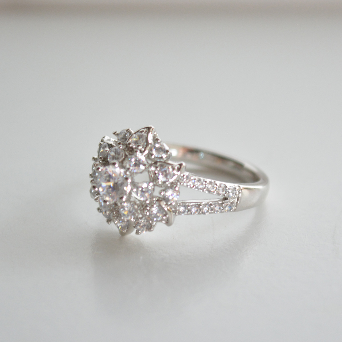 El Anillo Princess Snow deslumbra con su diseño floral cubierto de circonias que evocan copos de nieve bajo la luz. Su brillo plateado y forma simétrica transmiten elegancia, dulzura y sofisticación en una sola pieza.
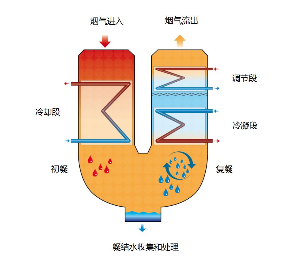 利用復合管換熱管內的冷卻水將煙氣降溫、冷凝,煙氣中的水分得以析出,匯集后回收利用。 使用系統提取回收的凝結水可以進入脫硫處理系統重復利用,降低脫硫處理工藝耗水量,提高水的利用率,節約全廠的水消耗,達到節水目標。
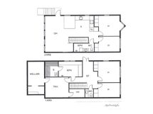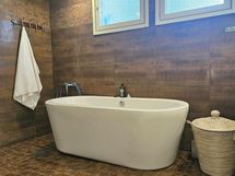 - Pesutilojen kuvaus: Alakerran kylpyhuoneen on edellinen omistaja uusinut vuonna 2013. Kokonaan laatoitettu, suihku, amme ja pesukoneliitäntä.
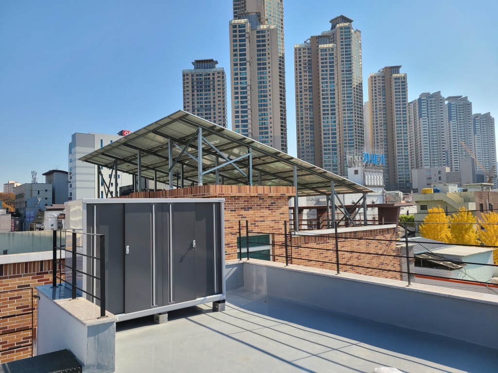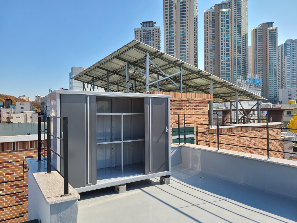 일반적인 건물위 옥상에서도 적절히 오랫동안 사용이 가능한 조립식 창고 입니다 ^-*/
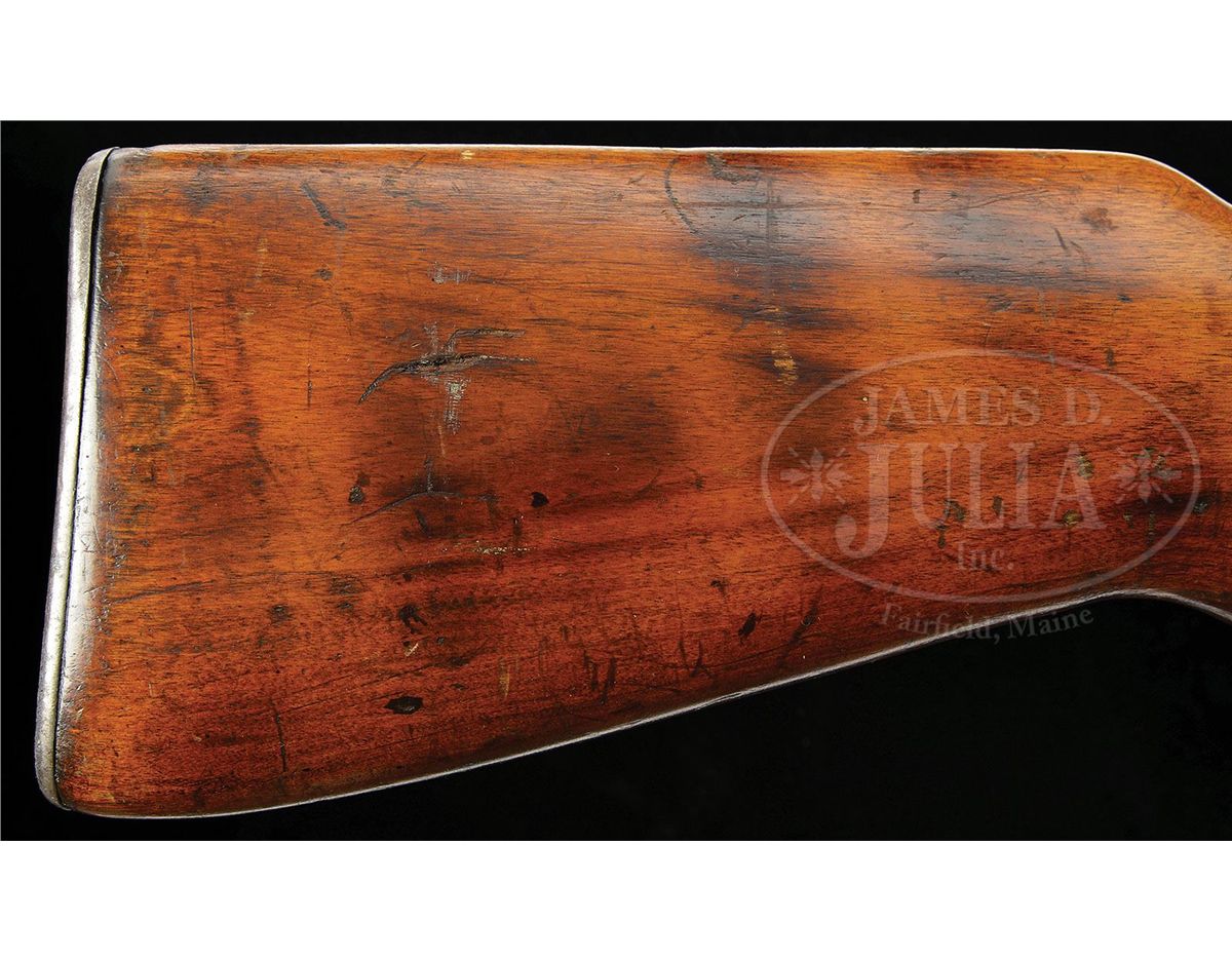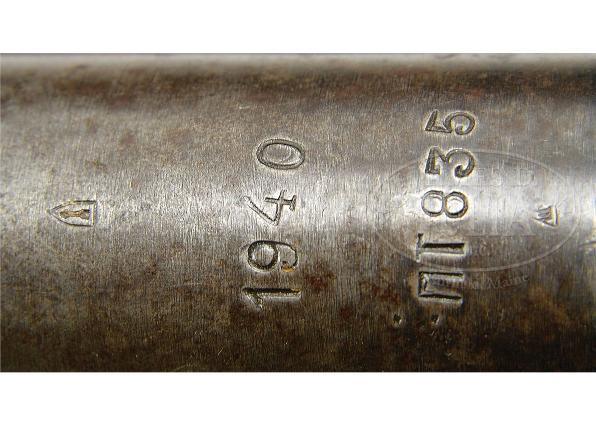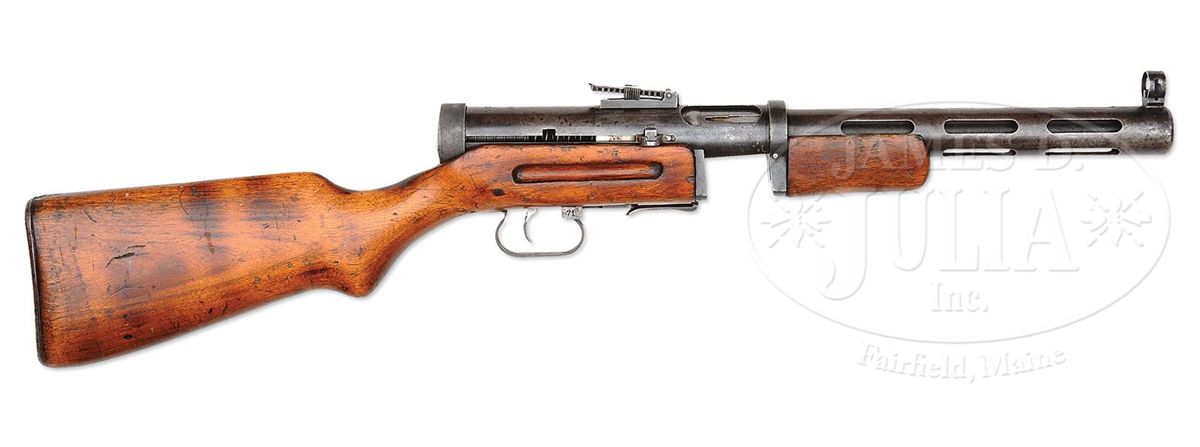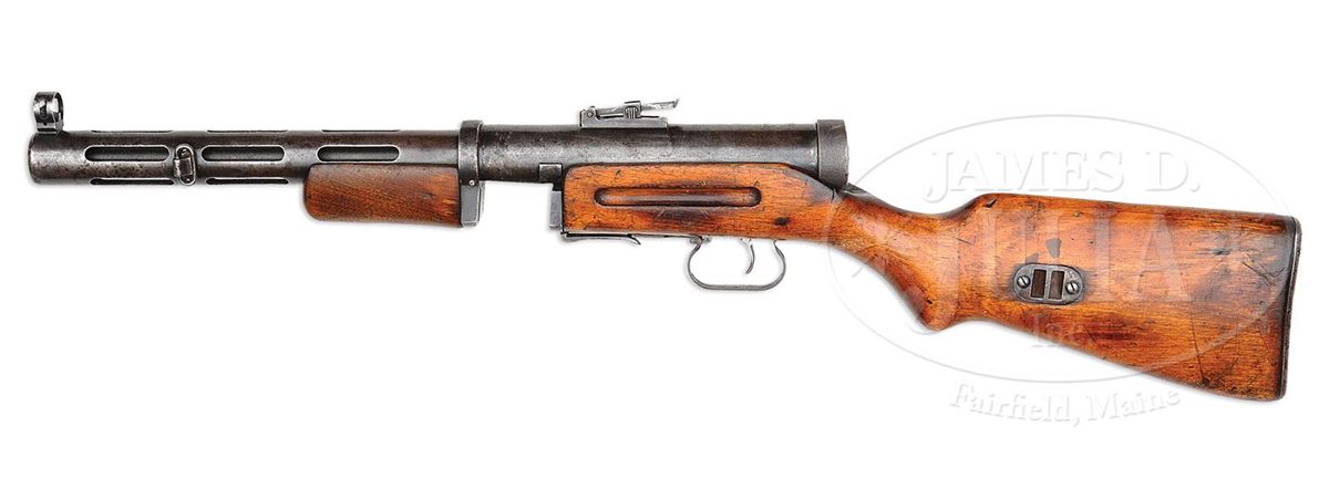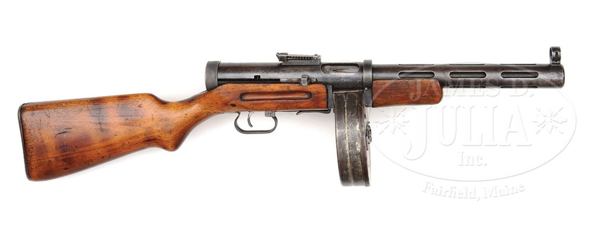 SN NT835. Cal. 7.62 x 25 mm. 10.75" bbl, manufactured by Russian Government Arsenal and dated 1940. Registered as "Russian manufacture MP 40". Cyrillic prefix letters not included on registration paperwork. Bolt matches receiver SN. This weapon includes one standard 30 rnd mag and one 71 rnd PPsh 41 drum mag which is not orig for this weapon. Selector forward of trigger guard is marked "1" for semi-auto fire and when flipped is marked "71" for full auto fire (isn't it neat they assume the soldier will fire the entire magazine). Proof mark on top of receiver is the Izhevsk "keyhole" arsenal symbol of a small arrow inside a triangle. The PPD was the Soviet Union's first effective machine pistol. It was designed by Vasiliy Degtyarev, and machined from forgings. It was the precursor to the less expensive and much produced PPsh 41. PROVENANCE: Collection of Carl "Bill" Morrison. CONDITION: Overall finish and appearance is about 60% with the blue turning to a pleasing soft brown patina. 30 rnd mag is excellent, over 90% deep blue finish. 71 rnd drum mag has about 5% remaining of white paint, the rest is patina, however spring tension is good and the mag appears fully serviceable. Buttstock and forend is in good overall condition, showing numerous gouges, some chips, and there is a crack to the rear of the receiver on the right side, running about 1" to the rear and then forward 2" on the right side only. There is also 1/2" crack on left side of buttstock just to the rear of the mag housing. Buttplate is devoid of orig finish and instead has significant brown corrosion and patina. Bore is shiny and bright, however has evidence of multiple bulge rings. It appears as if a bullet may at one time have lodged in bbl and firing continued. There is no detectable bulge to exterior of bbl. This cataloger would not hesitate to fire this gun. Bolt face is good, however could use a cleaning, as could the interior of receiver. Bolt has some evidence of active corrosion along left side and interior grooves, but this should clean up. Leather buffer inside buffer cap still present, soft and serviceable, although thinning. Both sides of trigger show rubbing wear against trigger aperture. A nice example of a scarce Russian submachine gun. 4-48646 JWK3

········

• [Required action]: Reproduce the listing above from the line that holds "- Pesutilojen kuvaus: Alakerran" through the line that holds "일반적인 건물위 옥상에서도", both included, with the pictures left out.

• [Reply to the exercise]:
 - Pesutilojen kuvaus: Alakerran kylpyhuoneen on edellinen omistaja uusinut vuonna 2013. Kokonaan laatoitettu, suihku, amme ja pesukoneliitäntä.
 일반적인 건물위 옥상에서도 적절히 오랫동안 사용이 가능한 조립식 창고 입니다 ^-*/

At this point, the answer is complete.